Verified Groq on-demand LLM token pricing from the official Groq pricing page.

https://groq.com/pricing/

2026-07-04 · Together AI

Verified selected Together AI serverless inference prices from the official Together AI pricing page.

https://www.together.ai/pricing

2026-07-04 · xAI

Verified Grok Build 0.1 token pricing from the official xAI docs overview.

https://docs.x.ai/overview

2026-07-04 · TLDL

Kept Mistral, Fireworks token inference, and OpenRouter aggregate pricing as source-pending where the official source is not a stable per-model token table in this dataset yet.

https://www.tldl.io/api/pricing.json

This page ranks only models with verified pricing in TLDL's shared dataset. The table above is generated from the same source used by the public pricing API, the LLM API pricing comparison, and the LLM cost calculator.

Pending providers are tracked but excluded from cheapest-model claims until their official source data is verified. That rule prevents stale copied numbers from being ranked as if they were current.

Current verified budget options

The verified table above is the source of truth. Sort by input price for routing, extraction, classification, and batch-analysis workloads. Sort by output price for summarization, chat, long-form generation, and agent workflows where responses can become large.

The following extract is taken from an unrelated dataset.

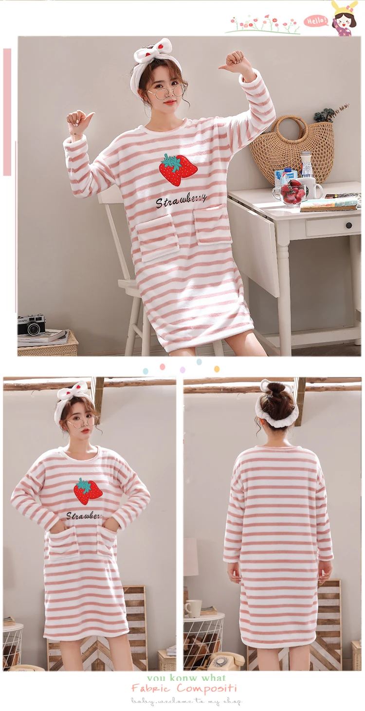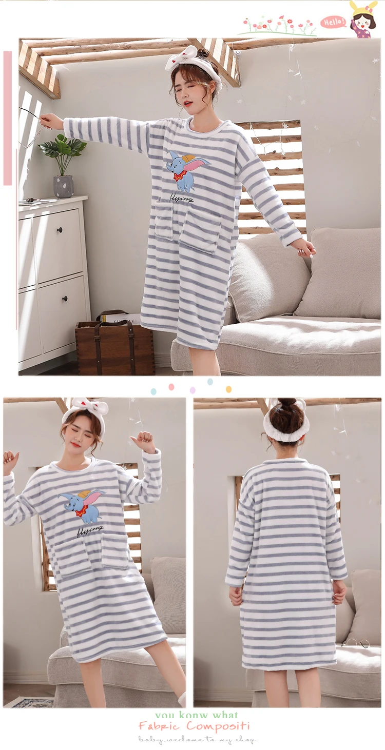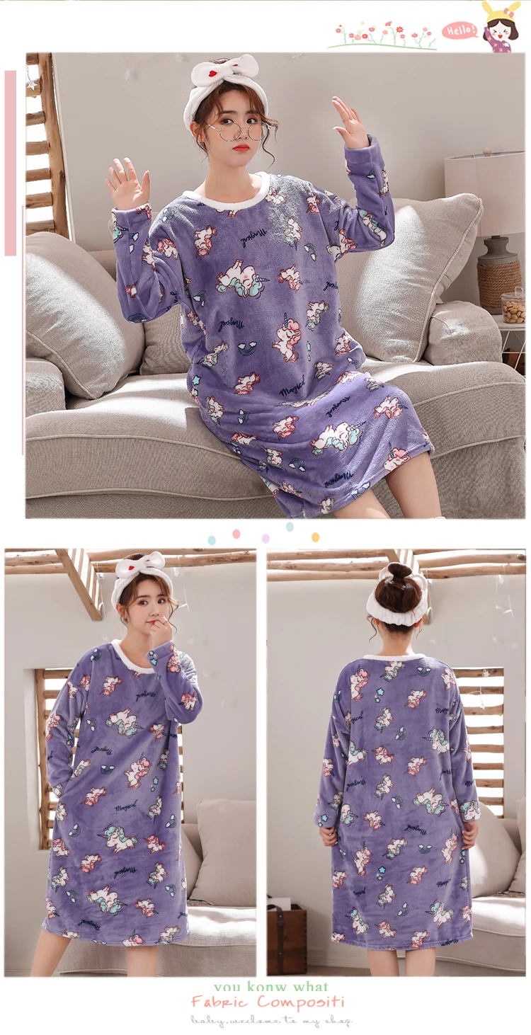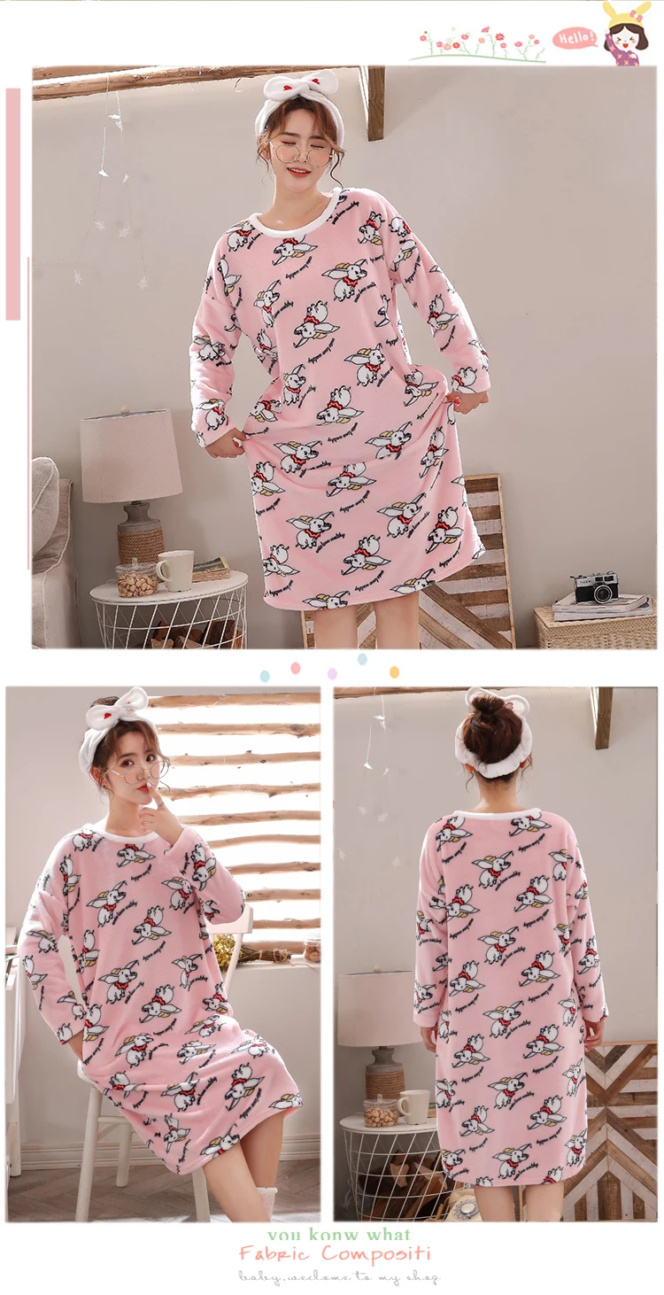 Женское Фланелевое Ночное платье с длинным рукавом, ночная рубашка кораллового цвета с принтом, ночная рубашка, зима 2019

When cheap is not actually cheap

Low token prices can be offset by retries, weaker tool calling, latency, lower success rates, or longer generated outputs. Test cost per completed task, not just cost per token.

How to compare models

Use the LLM cost calculator with your expected input tokens, output tokens, and cache behavior. A small model can be cheaper for simple routing and more expensive for hard tasks if it needs repeated calls.